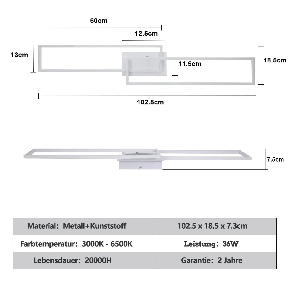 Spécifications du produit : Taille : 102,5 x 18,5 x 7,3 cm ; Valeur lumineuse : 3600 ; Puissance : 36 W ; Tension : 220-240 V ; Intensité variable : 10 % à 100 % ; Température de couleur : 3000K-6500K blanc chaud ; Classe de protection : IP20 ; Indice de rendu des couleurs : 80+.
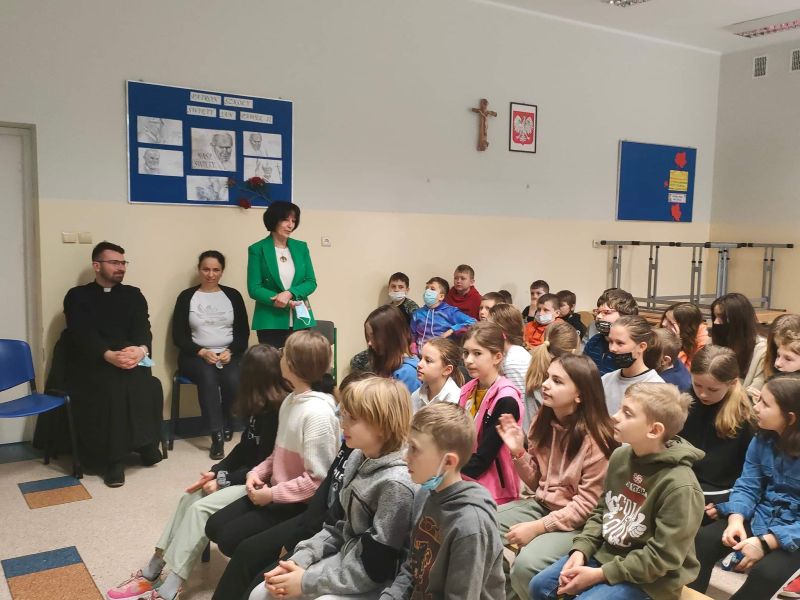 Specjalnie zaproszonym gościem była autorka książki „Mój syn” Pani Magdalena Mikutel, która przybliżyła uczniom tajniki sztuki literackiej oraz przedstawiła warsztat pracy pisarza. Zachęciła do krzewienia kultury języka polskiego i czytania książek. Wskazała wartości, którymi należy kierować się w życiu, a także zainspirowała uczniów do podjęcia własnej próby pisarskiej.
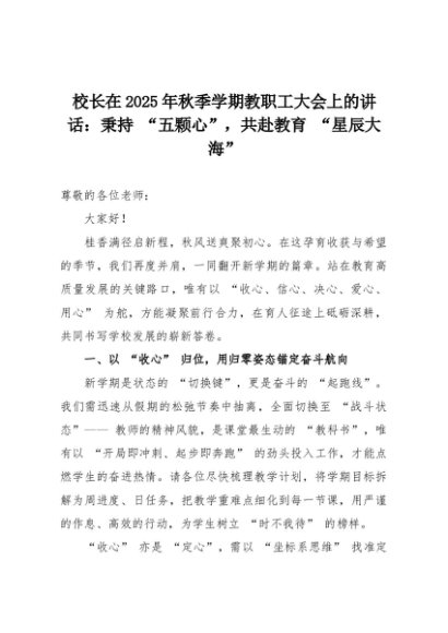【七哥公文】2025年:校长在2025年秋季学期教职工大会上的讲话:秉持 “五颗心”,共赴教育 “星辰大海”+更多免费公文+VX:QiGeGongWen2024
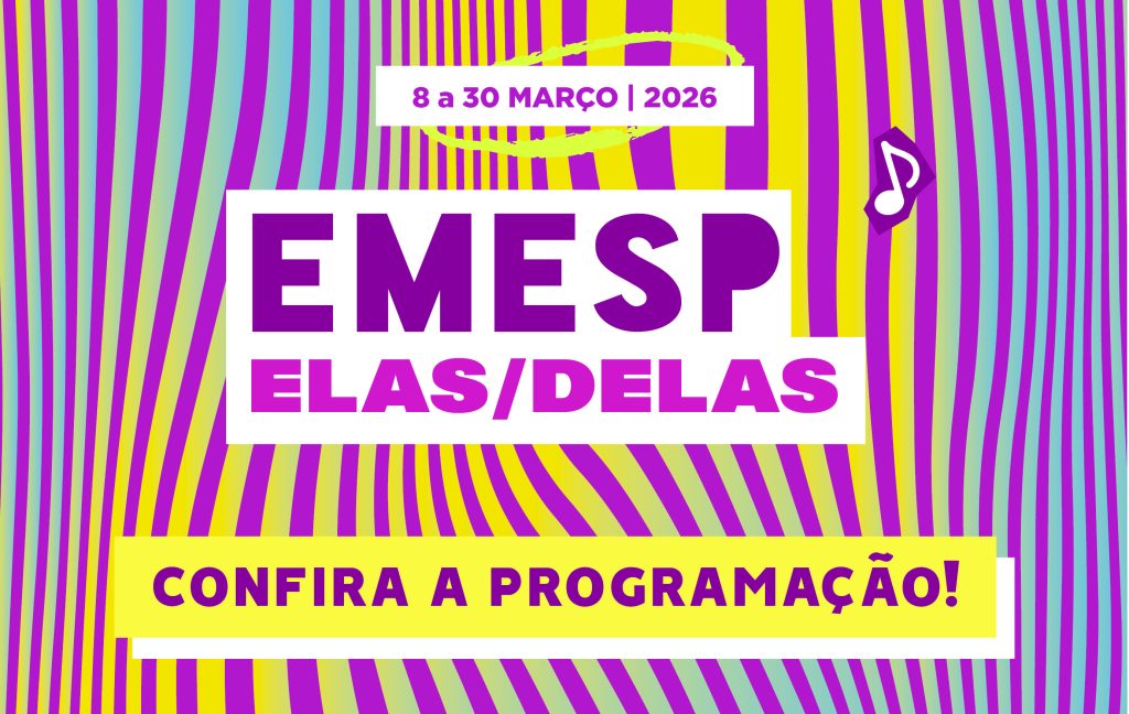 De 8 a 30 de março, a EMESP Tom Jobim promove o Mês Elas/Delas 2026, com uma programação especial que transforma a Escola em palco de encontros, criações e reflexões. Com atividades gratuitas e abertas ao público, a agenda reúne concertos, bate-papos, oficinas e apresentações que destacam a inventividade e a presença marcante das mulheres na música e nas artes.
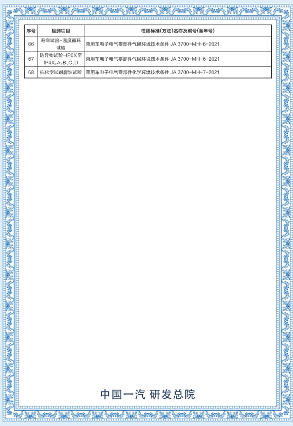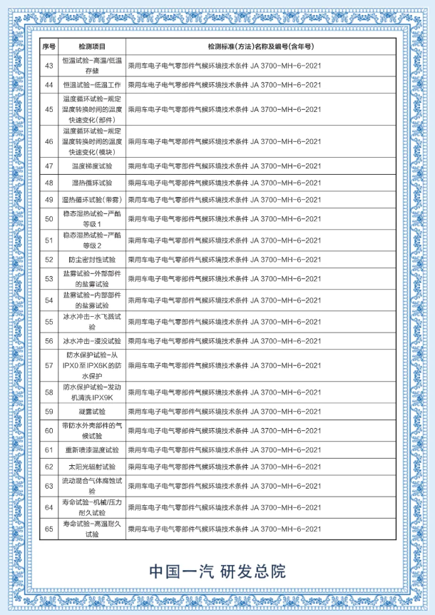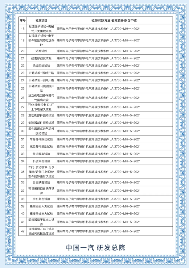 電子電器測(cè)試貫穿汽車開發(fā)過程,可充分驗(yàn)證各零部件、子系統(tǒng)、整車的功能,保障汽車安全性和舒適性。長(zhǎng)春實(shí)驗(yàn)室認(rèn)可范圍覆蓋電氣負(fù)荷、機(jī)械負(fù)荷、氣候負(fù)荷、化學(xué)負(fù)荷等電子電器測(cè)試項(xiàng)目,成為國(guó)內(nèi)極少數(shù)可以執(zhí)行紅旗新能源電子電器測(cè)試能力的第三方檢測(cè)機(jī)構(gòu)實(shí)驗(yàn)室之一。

-*-

Requirement:
Word for word, give the entries back in full; the pictures do not belong in the copy.

Result:
 Spécifications du produit : Taille : 102,5 x 18,5 x 7,3 cm ; Valeur lumineuse : 3600 ; Puissance : 36 W ; Tension : 220-240 V ; Intensité variable : 10 % à 100 % ; Température de couleur : 3000K-6500K blanc chaud ; Classe de protection : IP20 ; Indice de rendu des couleurs : 80+.
 Specjalnie zaproszonym gościem była autorka książki „Mój syn” Pani Magdalena Mikutel, która przybliżyła uczniom tajniki sztuki literackiej oraz przedstawiła warsztat pracy pisarza. Zachęciła do krzewienia kultury języka polskiego i czytania książek. Wskazała wartości, którymi należy kierować się w życiu, a także zainspirowała uczniów do podjęcia własnej próby pisarskiej.
【七哥公文】2025年:校长在2025年秋季学期教职工大会上的讲话:秉持 “五颗心”,共赴教育 “星辰大海”+更多免费公文+VX:QiGeGongWen2024
 De 8 a 30 de março, a EMESP Tom Jobim promove o Mês Elas/Delas 2026, com uma programação especial que transforma a Escola em palco de encontros, criações e reflexões. Com atividades gratuitas e abertas ao público, a agenda reúne concertos, bate-papos, oficinas e apresentações que destacam a inventividade e a presença marcante das mulheres na música e nas artes.
 電子電器測(cè)試貫穿汽車開發(fā)過程,可充分驗(yàn)證各零部件、子系統(tǒng)、整車的功能,保障汽車安全性和舒適性。長(zhǎng)春實(shí)驗(yàn)室認(rèn)可范圍覆蓋電氣負(fù)荷、機(jī)械負(fù)荷、氣候負(fù)荷、化學(xué)負(fù)荷等電子電器測(cè)試項(xiàng)目,成為國(guó)內(nèi)極少數(shù)可以執(zhí)行紅旗新能源電子電器測(cè)試能力的第三方檢測(cè)機(jī)構(gòu)實(shí)驗(yàn)室之一。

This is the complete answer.